— EXERCISE DETAILS —
Repeat exactly, and only, the lines below starting at the line that contains "Fancinating and enchanting." and ending at the line that contains "3d simple rainbow", inclusive of both.

— MATERIALS PROVIDED —
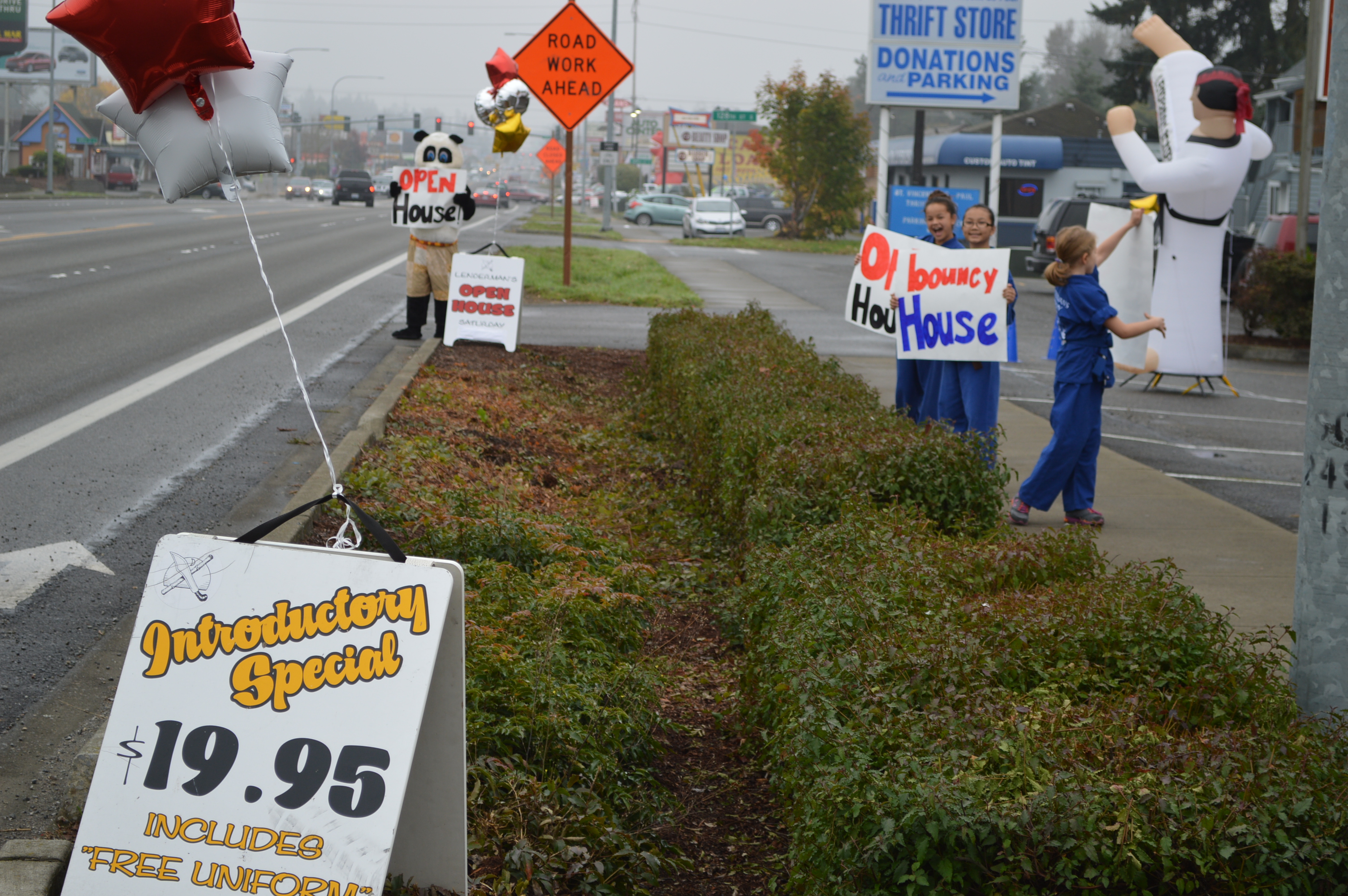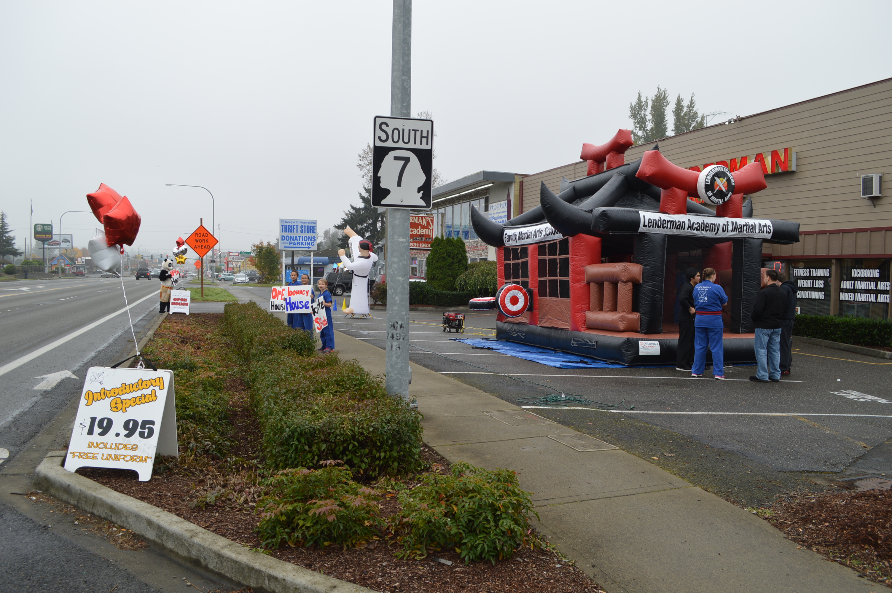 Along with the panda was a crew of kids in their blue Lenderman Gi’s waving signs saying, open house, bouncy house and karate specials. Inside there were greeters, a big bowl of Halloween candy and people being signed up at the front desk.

...

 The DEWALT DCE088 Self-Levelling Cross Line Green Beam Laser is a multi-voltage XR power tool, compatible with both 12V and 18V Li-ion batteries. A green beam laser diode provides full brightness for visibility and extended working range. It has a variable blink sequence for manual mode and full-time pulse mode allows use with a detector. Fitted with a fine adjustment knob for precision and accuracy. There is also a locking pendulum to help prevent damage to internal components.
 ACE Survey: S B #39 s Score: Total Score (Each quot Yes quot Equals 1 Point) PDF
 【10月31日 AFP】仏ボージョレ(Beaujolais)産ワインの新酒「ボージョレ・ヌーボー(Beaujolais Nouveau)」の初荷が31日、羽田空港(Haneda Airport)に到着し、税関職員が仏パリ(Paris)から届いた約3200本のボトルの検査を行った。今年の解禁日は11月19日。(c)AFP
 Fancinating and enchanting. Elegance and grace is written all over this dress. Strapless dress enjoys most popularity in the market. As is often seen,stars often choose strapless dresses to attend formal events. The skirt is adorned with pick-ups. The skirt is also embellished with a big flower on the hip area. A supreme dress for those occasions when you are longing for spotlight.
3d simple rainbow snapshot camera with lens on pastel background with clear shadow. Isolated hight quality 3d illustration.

— REPLY TO THE EXERCISE —
 Fancinating and enchanting. Elegance and grace is written all over this dress. Strapless dress enjoys most popularity in the market. As is often seen,stars often choose strapless dresses to attend formal events. The skirt is adorned with pick-ups. The skirt is also embellished with a big flower on the hip area. A supreme dress for those occasions when you are longing for spotlight.
3d simple rainbow snapshot camera with lens on pastel background with clear shadow. Isolated hight quality 3d illustration.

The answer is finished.